Sandra sees herself as the sane point in the turning world - even though her hobby is systematically checking out her favorite books so that the library won't get rid of them, and every moment of her day is spent analyzing pop culture. She struggles to understand why people are suddenly wearing duct tape armbands and rolling their eyes, and wishes that things like politeness and chocolate cheesecake would catch on.
Flip, Sandra's rude assistant, is possibly the most irritating character in literature (aside from Lydia Bennett), and she could be Ignatius J. Reilly's trainee When Flip's misdelivery of a package leads Sandra to the office of chaos researcher Bennett O'Reilly, Sandra doesn't realize that the chance meeting will lead her to borrow a flock of sheep just to keep the unconventional scientist around.

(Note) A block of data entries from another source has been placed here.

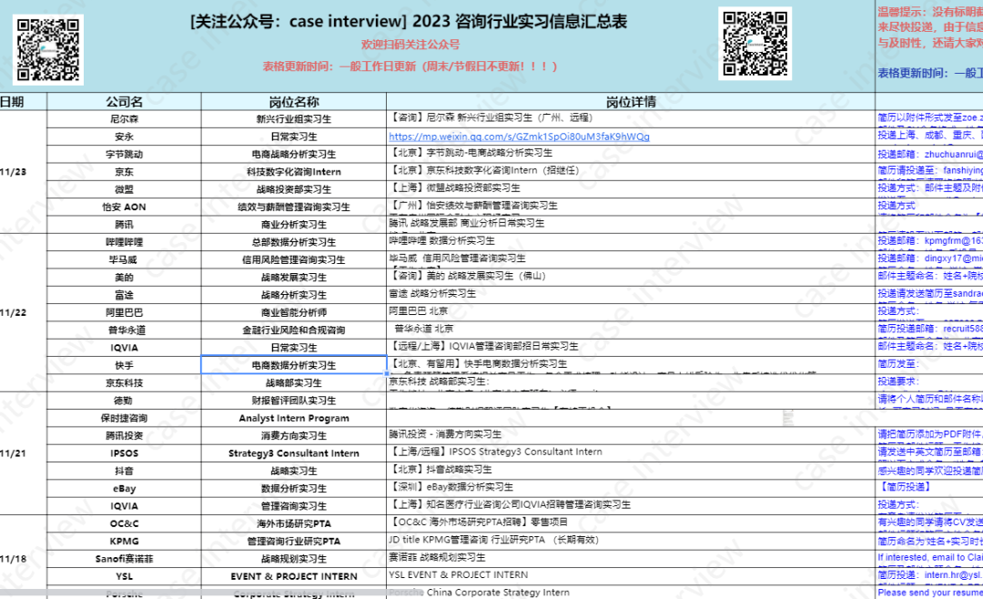 2023咨询行业实习汇总表(实时更新) 咨询行业面经资料 咨询求职简历模板 更多其他资料....
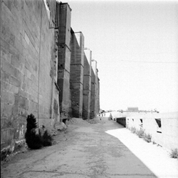 "Construcció del mur de contenció per ampliar l’Avinguda de Madrid; vista des del marge dret del riu; al fons els Camps Elisis"
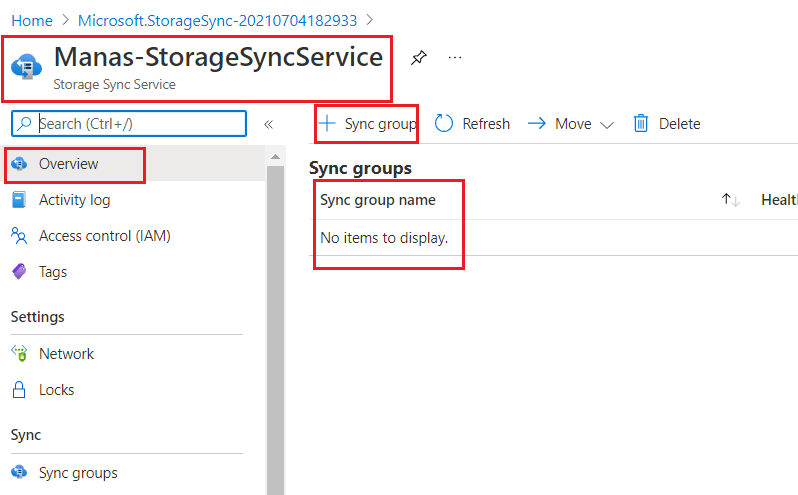 - Resource Group : The resource group that contains the Storage Sync Service.
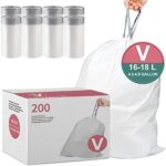 [DRAWSTRING BAGS] 200 count total trash bags included. White trash bag with grey drawstring closure for easy tying and carrying.

This isn't even the craziest thing that happens in Bellwether.
Connie Willis has a way of writing that makes you feel as though you're inside a screwball comedy. The romance aspect here is slightly underplayed but charming (I could use more of Bennett). Sandra's company, HiTek, has a level of internal dysfunction to rival Office Space's TPS reports or the Feds' toilet paper memo in Snow Crash. Best of all, each chapter begins with fascinating tidbits about historical fads, from Hula Hoops to dancing mania to diorama wigs.
Bellwether is every bit as smart and funny as you expect a Connie Willis book to be, and the perfect way to start your summer reading.
Interested in the idea of complexity? Continue on with The Tipping Point by Malcolm Gladwell, The Drunkard's Walk: How Randomness Rules Our Lives by Leonard Mlodinow, or Antifragile: Things That Gain from Disorder by Nassim Nicholas Taleb.